Sem cor na gestão
A falta de representatividade negra continua sendo um grande calo para o futebol brasileiro. Como se não bastassem os casos de racismo que ainda insistem em aparecer, dentro das quatro linhas e diante de todos os holofotes, a quantidade de pessoas negras nos bastidores ainda é muito pequena.
Entre os 20 clubes da edição de 2019 do Campeonato Brasileiro, por exemplo, apenas Goiás e Grêmio tinham departamentos de futebol comandados por negros. No time goiano, a diretoria estava a cargo do ex-volante Túlio Lustosa, que em seguida acertou com o Botafogo. Já no tricolor gaúcho, Deco Nascimento dividia o bastão com Alberto Guerra e Duda Kroeff, mas acabou sendo demitido ao final da temporada.

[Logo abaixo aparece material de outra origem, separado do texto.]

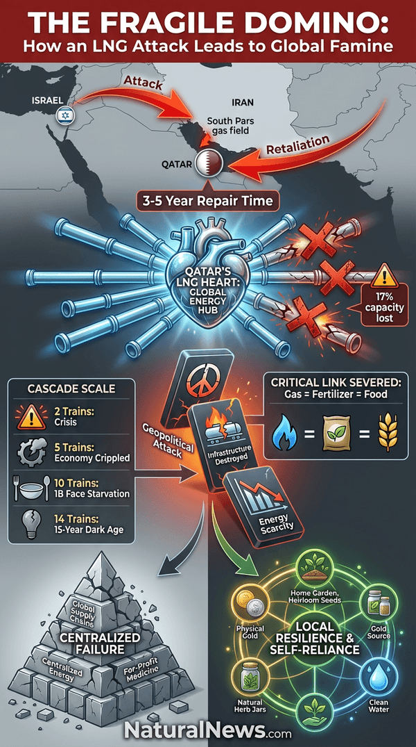 Here’s why this matters: Our global food supply is built on a lie of infinite abundance, propped up by synthetic fertilizer, and that fertilizer is built on natural gas. Natural gas is the primary feedstock for ammonia production. [4] When you sever that link, you don’t just raise prices; you slash crop yields for years. This is the brutal physics of our modern civilization. I have long realized that the controlled demolition of food and energy infrastructure is a deliberate depopulation strategy. [5] The attack on Qatar’s LNG complex fits this pattern perfectly. It’s a sabotage of the foundational layer that keeps billions of people alive. This isn’t an accident of war; it’s the exposure of a system with no backup, no redundancy, and no forgiveness.

Com os poucos nomes disponíveis fora do mercado, a lacuna está cada vez maior. A pequena quantidade de negros em cargos de gestão conflita diretamente com a produção de craques que poderiam ocupar esse espaço. Porém, falta incentivo, espaço e, principalmente, respeito. O ex-volante Tinga iniciou sua carreira como dirigente em 2016 – na gestão de futebol do Cruzeiro. Antes disso, ele havia sido convidado por outra equipe da primeira divisão do futebol brasileiro. Nas conversas, o ex-atleta teve que lidar com o racismo velado, mas escancarado nas palavras.
“Antes de o Cruzeiro me convidar, outro clube da Série A me chamou para assumir um cargo de direção. Durante as conversas, um dirigente, que não vou revelar o nome, me pediu para cortar o cabelo. Eu tenho cabelo grande, com dread. Respondi, em tom de brincadeira, ‘você quer o meu cabelo ou o meu serviço?’. Acabei não indo trabalhar neste clube.”
Em relação aos jogadores que encerram suas carreiras e analisam o futuro dentro do esporte, a desinformação e a falsa percepção de que são necessários apenas o conhecimento e a vivência do campo também atrapalham. O futebol, como reflexo da sociedade, acaba sendo o espelho do cotidiano. Se faltam negros no topo dos organogramas, também falta combatividade aos casos de preconceito. Afinal, a bola não entra por acaso.